*The study notes during [[Research]]*
# The flow of Attention
A transformer is made of multiple attention layers.
The input to each attention layer, denoted as $X$ has the shape of `(B, L, D)`, where B is the batch size, L is the sequence length, and D is the hidden dimension.
$X$ firstly goes through **a layer normalization**, where the normalization is applied across the channel (or feature) dimension.
$X$ is then projected into three different vectors $K, Q, V$, each with the shape of `(B, L, H, D')`, **where H is the attention head number[^1]**, and D' is the hidden dimension.

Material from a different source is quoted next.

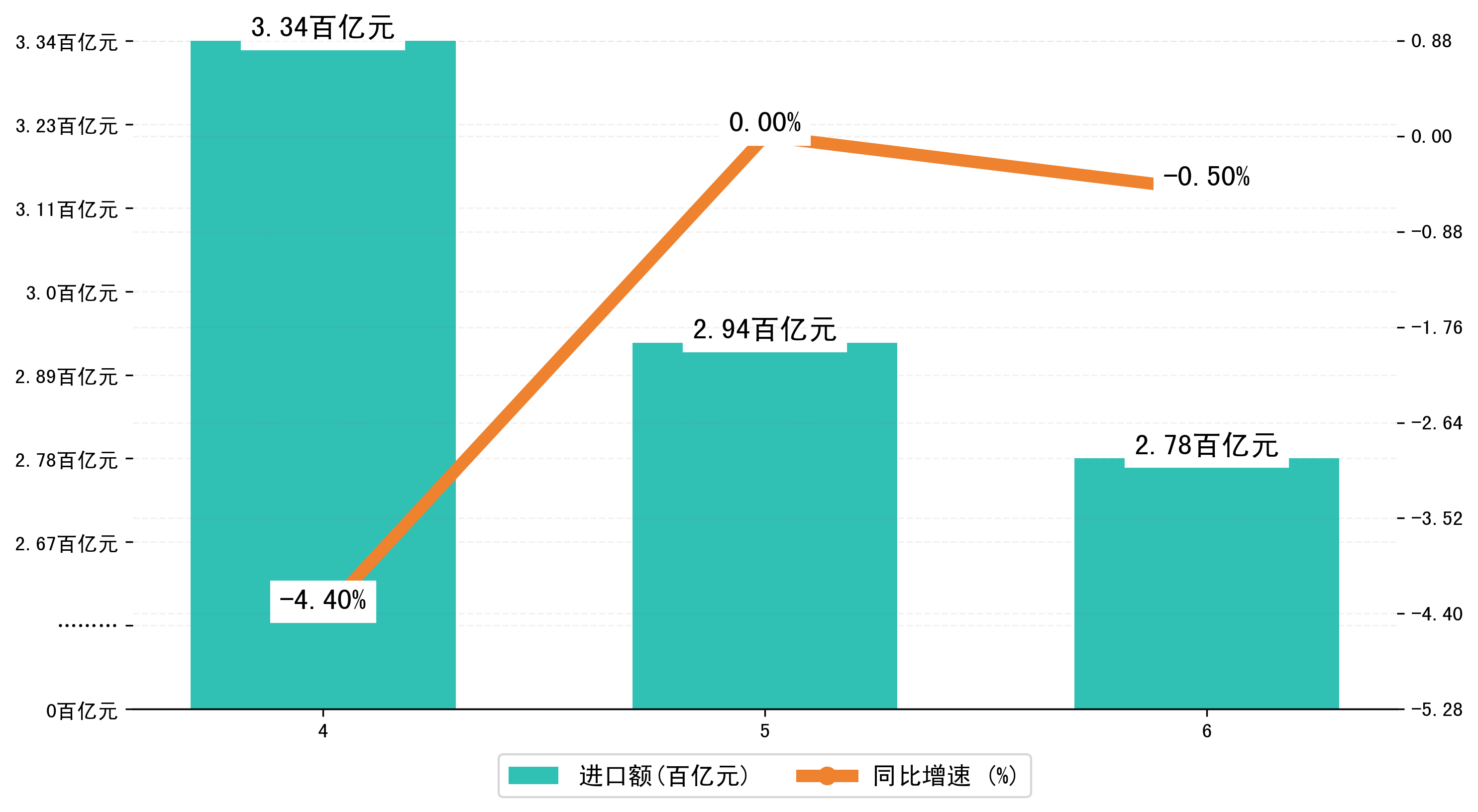 以人民币计,2025年6月广西壮族自治区进口额为278,3241.7309万元,相比上月减少了15,3063.5758万元;相比上年同期减少了16,6346.8203万元,同比减少了-0.50%。

Next step is to calculate the self-attention score (also called Scaled dot-product attention) in the shape of `(B, H, L, L)
$
\text{AttentionScore}(X)=\text{Softmax}(\frac{Q\times K^T}{\sqrt {D'}})
$
During training, dropout operation could be applied to scaled attention score, for [example](https://pytorch.org/docs/stable/generated/torch.nn.functional.scaled_dot_product_attention.html#torch.nn.functional.scaled_dot_product_attention):
```python
attn_weight = torch.softmax(attn_weight, dim=-1)
attn_weight = torch.dropout(attn_weight, dropout_p, train=True)
```
**The output of attention layers ==with residual connection==** is:
$
\text{out}=\text{Feedforward}(\text{AttentionScore}(X)\times X + X) + X
$
Above, $\text{Feedforward}(\cdot)$ refers a fully-connected feedforward neural network, which processes each element in sequence independently. One implementation could be:
```python
self.ffn = nn.Sequential(
nn.Linear(dim, hidden_dim),
nn.GELU(),
nn.Dropout(dropout),
nn.Linear(hidden_dim, dim),
nn.Dropout(dropout)
)
```
[^1]: Rather than only computing the attention once, the multi-head mechanism runs through the scaled dot-product attention multiple times in parallel.